The invention is further described using examples with reference to the accompanying drawings, in which:
FIG. 1 shows a side view of a joining point of a building frame according to the invention.

 FIG. 2 shows a top view of a connection point of a building frame according to the invention.

 FIG. 3 shows details of the chassis of FIG. 1 and 2 in perspective.

 FIG. 4-6 show various profiles of different embodiments of a horizontal beam according to the invention.

 FIG. 7 corresponds to FIG. 3 and shows a perspective view of a detail of a building frame according to a second embodiment of the invention.

 FIG. 8 corresponds to FIG. 3 and shows a perspective view of a detail of a building frame according to a third embodiment of the invention.

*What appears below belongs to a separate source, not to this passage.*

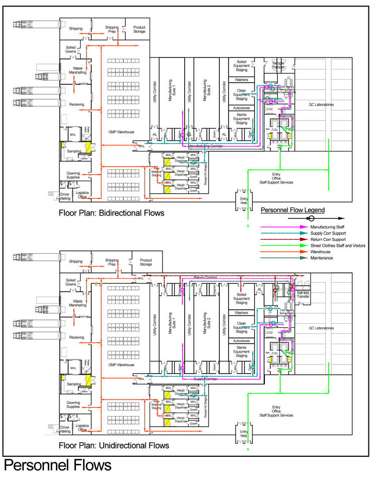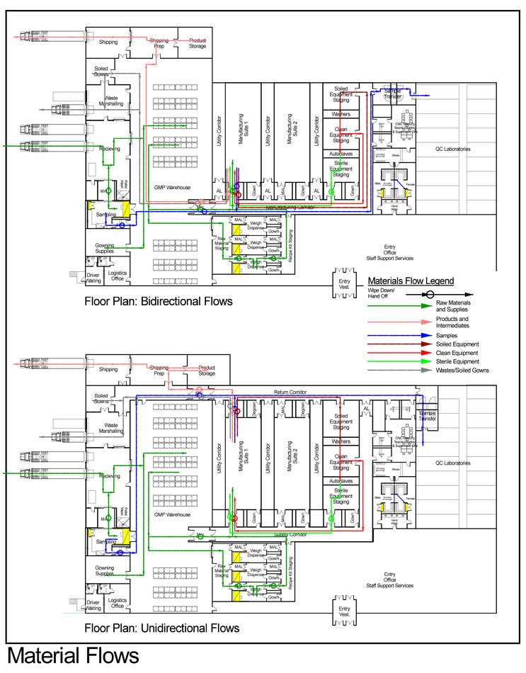 In the case of a manufacturing facility that produces a single product, or multiple products by campaign, and based upon closed, fixed, and automated process systems cleaned in place, there may be little risk associated with bidirectional flows. In such a facility there are often relatively few staff and little direct contact with the product during manufacturing. Degowning of staff upon egress from a manufacturing suite to the manufacturing corridor may be sufficient to satisfy the risk of contamination to the relatively few materials, supplies, and equipment transported therein.

 FIG. 9 shows a side view of the structure of FIG. 8.

 FIG. 10 shows a top view of the structure of FIG. 8.

 FIG. 11 corresponds to FIG. 9 and shows a side view of a carcass structure according to a fourth embodiment of the invention.

 FIG. 12 shows a top view of the structure of FIG. eleven.

 FIG. 1 shows a side view of a detail of a building frame according to the invention, on which you can see the connection point of the steel vertical column 12 and the steel horizontal beam 21. At the connection point, the vertical column 12 consists of two parts, which are the column 12a above the horizontal beam 21 and the column 12b below horizontal beam 21. Flanges 17a and 17b are attached at the ends of both parts 12a and 12b of the vertical column.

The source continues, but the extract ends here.